Потом был его – или от его имени, теперь не узнаешь, – доклад на заключительном заседании конгресса о роли музыки в советском обществе и о ее воспитательном значении, о том, как он благодарен партии за заботу и за постановление 1948 года, что он осуждает Стравинского за измену родине и предупреждает Прокофьева, чтобы не скатился в формализм. Шостакович коротко поприветствовал зал по-русски, а затем переводчик прочел весь этот текст на английском. И были многотысячные демонстрации возле его гостиницы, и на одном из плакатов крупными буквами вывели: «Шостакович, прыгай в окно!» – в смысле беги, Шостакович, от Советов.

Вечером 27 марта, после закрытия конгресса, в огромном зале «Медисон-сквер-гарден», вместившем 18 тысяч человек, Шостакович сыграл на рояле скерцо из Пятой Симфонии. В первом ряду ему аплодировал Эйнштейн.

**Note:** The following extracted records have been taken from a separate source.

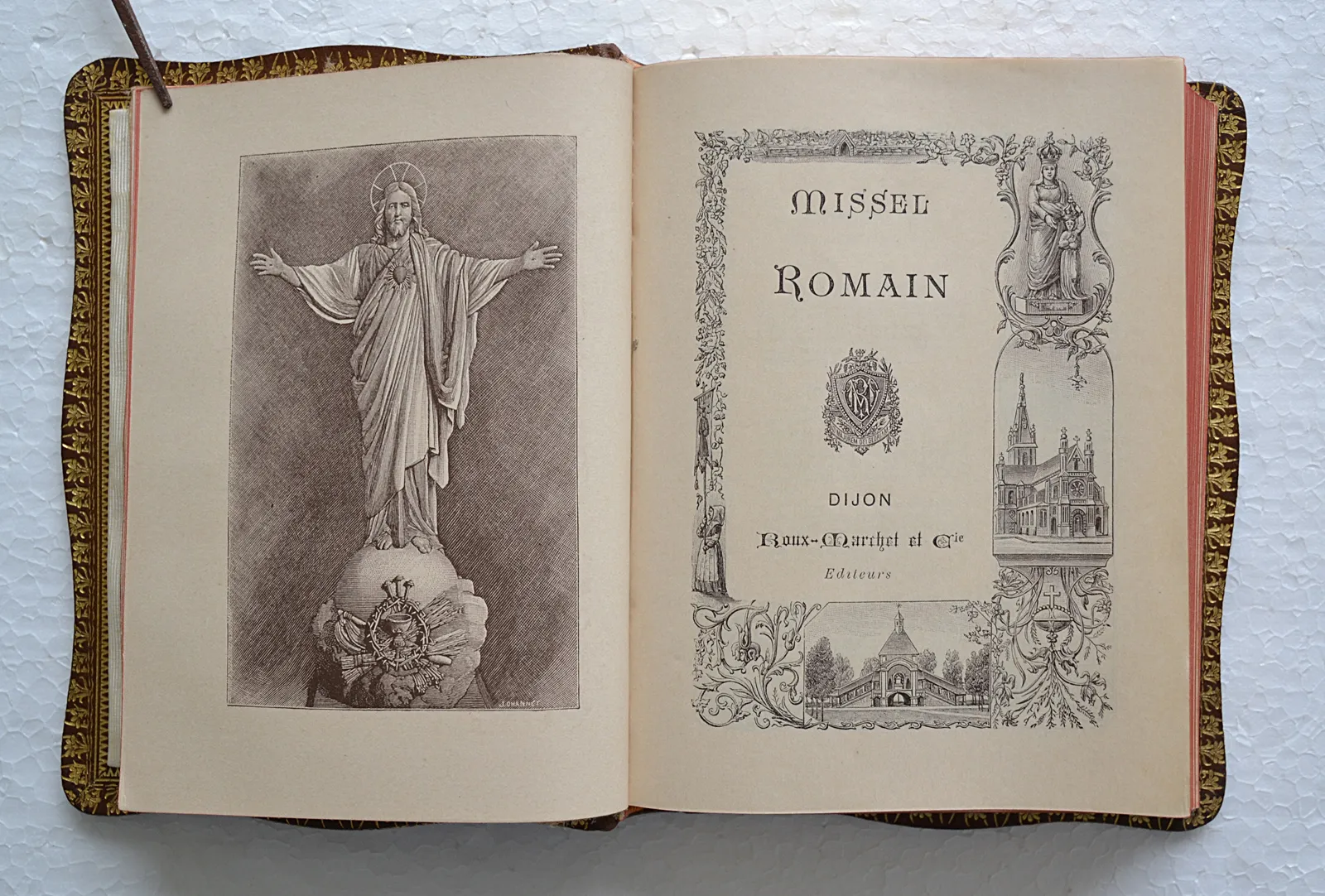Maroquin havane aux bords ondulés avec décor floral doré en encadrement, doublures de moire crème, texte orné de nombreux dessins religieux en noir.
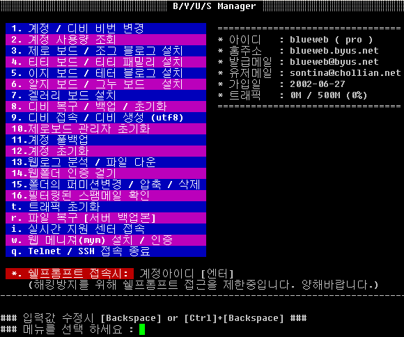 | 1. °èÁ¤ & µðºñ ºñ¹ø º¯°æ | °èÁ¤ºñ¹øÀº ftp & telnet & ssh & mail Á¢¼Ó½Ã °øÈ÷ »ç¿ëµË´Ï´Ù. |
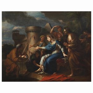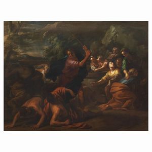 Scuola romana, sec. XVIII MOSE' DIFENDE LE FIGLE DI JETRO olio su tela, cm 91x114,5 Roman school, 18th century [..]
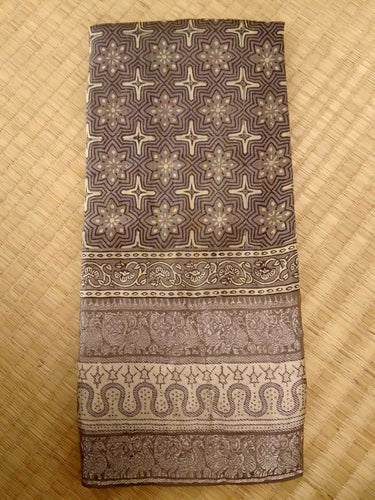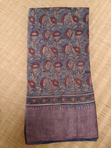 Kanchi Border Grey - Ajrakh Hand Block Printed Mangalgiri Pure Silk Cotton Saree

Школу я окончила с золотой медалью, но в университет не пошла. Одна из наших девочек, Оля Хазова, пыталась поступить, она интересовалась химией, но ей потихоньку сообщили, что, если родители были осуждены по 58-й статье, в университет не примут. Она забрала документы. Я поступила в Московский педагогический институт имени Ленина – туда брали детей «врагов народа», и многие блестящие люди там учились, например будущие барды Юрий Визбор и Юлий Ким, поэты Юрий Ряшенцев и Юрий Коваль. Правда, последний, в отличие от нас, детей репрессированных родителей, был сыном начальника уголовного розыска Московской области. Я пошла на факультет, где готовили учителей русского языка и литературы, можно сказать, «по стопам родителей» – мама окончила педагогический институт имени Герцена в Ленинграде, да и отец начинал учителем словесности. В моей группе были в основном девочки, только один мальчик, Петя Фоменко, будущий знаменитый режиссер. После института нас стали распределять – тогда с этим было жестко – в национальные школы республик Средней Азии преподавать русский язык. Но тут бывшие сослуживцы моего дяди, который к тому времени уже умер, устроили меня в недавно созданное издательство «Советский композитор». Мечтала заниматься Блоком, а попала в музыкальное издательство.